Hmm... I wish to find the smallest $p$ for which this is true of any $i$ and $j$. So $i$ and $j$ "don't matter." I will add an example to the question. –  Aaron Sterling Oct 4 '11 at 15:38
    
You should improve the title of your question. –  Someone Oct 4 '11 at 15:49
    
@Someone: hahaha!!! Yes, you have a point. Better now? –  Aaron Sterling Oct 4 '11 at 15:51
    
I think you want (p-1) to be the product of two numbers, each sufficiently large. Otherwise any prime p > max(n,m) will have a factor of p-1 larger than both m and n, and any p > 2max(n,m) will have one factor bigger than twice n and another bigger than m. You might also borrow with attribution my and quid's and Igor's comments about the product version of your problem, which is what I suspect you really want. Gerhard "Ask Me About System Design" Paseman, 2011.10.04 –  Gerhard Paseman Oct 4 '11 at 15:55

1 Answer 1

Here is a suggestion for a problem related to the one you are asking. I will give the two dimensional version; perhaps Joseph O'Rourke will be intrigued enough to illustrate this or a 3 or higher dimensional version for us.

I will suggest a coloring/labeling for an integer grid, with x and y coordinates being all integers greater than m respectively n. I recommend m=1 and n=1 ranging up to 40, but you can choose differently depending on your graph paper. Also, you can decide whether to take advantage of symmetry or not and restrict yourself (or not) to the region x <= y.

Each coordinate (x,y) will be assigned the integer xy+1, but do not label every such coordinate. Instead, use whatever color scheme to sieve out nontrivial multiples of 2 (meaning x and y are both odd, and xy>1), interesting multiples of 3 (those pairs where xy = 2 mod 3 and xy >2), big multiples of 5, and so on, not forgetting to mark the primes encountered. That is, label a coordinate (x,y) with xy + 1 only if that quantity is prime.
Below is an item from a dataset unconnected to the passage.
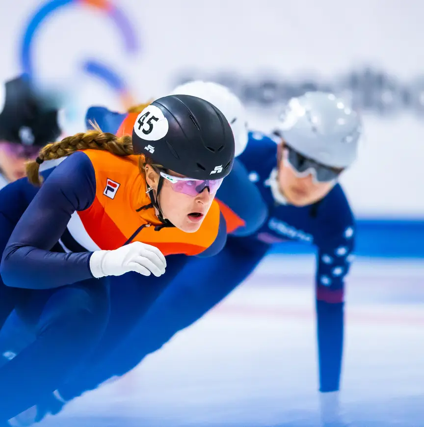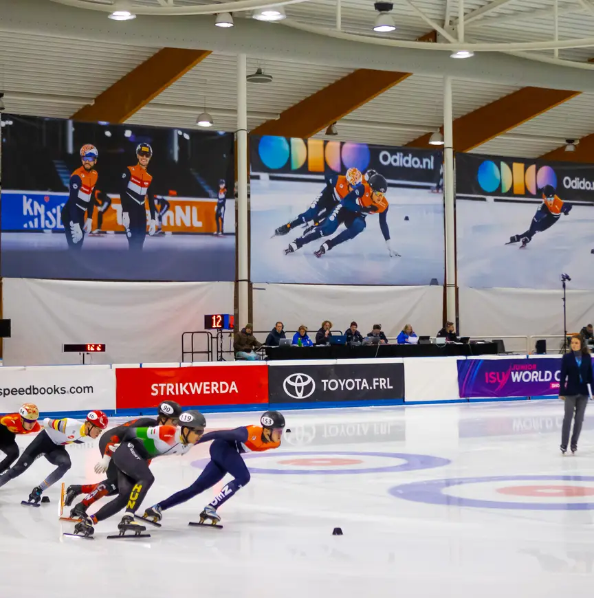 Het Leeuwarder decor van de ISU Junior World Cup Shorttrack is prachtig met aan weerszijden van de baan hangen gigantische foto’s van de toprijders uit de Nationale Training Selectie (NTS). Ze kijken neer op hun jonge landgenoten die zich dit weekend met internationale toprijders van hun leeftijd meten: De Suzanne Schulting, Xandra Velzeboer en Sjinkie Knegt van de toekomst.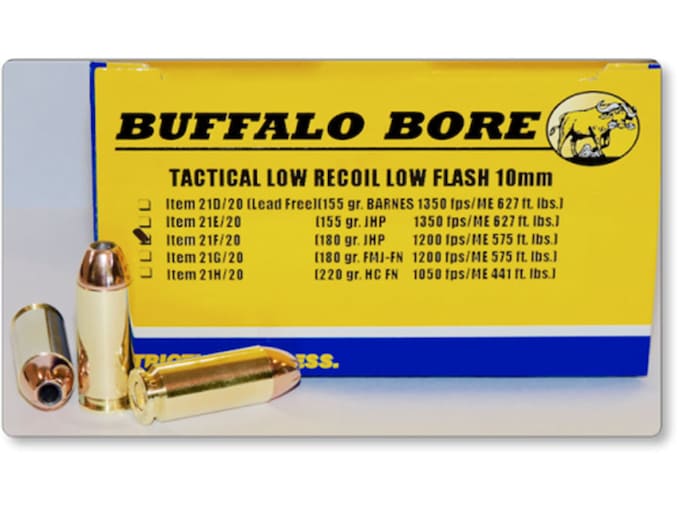 Buffalo Bore loads their ammunition up to maximum SAAMI specifications, which delivers devastating performance on a wide range of game. Please note that this ammunition is not intended for older guns. It is made for modern firearms only, as some of the ammunition could damage older and weaker firearms. This ammunition is new production, non-corrosive, in boxer primed, reloadable brass cases. ?Buffalo Bore full power loads were originally designed for outdoor uses such as hunting deer or stopping aggressive bears and these full power loads are wonderful for these types of applications. However, for general self defense, the excessive recoil and muzzle blast of turbo charged 10MM ammo becomes a disadvantage for fast follow-up shots needed for multiple assailants or armed human targets in general. Too much power/over-kill is not a bad thing, until you have to deal with the unnecessary recoil and muzzle blast/flash, which can put you at a tactical disadvantage. Buffalo Bore designed these new?Tactical 10MM?loads specifically to give every advantage to the user in the event that your 10MM pistol is needed in protecting you or loved ones against human threat. If your main purpose for carrying a 10MM pistol is outdoor usage, we suggest you stick with the full power 10MM (items 21A, 21B and 21C) loads. However, those of you who choose to carry a 10MM pistol for social purposes, would be best advised to carry these Tactical loads which are more than powerful enough to quell any human threat, but will offer you more control and faster, more accurate follow-up shots. Buffalo Bore Tactical loads utilize low-flash powders. This is an advantage should you be required to drop the hammer in low light, which is when most human predators are out and about.WARNING: This product can expose you to Lead, which is known to the State of California to cause cancer and birth defects or other reproductive harm. For more information go to – www.P65Warnings.ca.gov.

You will end up with a colored grid, with the colors having a pleasing pattern (I think) and a look up chart for small m and n of primes greater than mn, where you look at or above and to the right (if you use my orientation) of the coordinate (m,n) for such primes, and try to find the smallest one of the nearest such primes. From generating such a chart for various m,n, you may get a sense of how close heuristically your desired prime is. I predict the value of the smallest such prime p(mn)= 1 + (m+i)(n+j) for nonnegative i and j satisfies p(mn) < (n+m)*m*n for positive integers m,n.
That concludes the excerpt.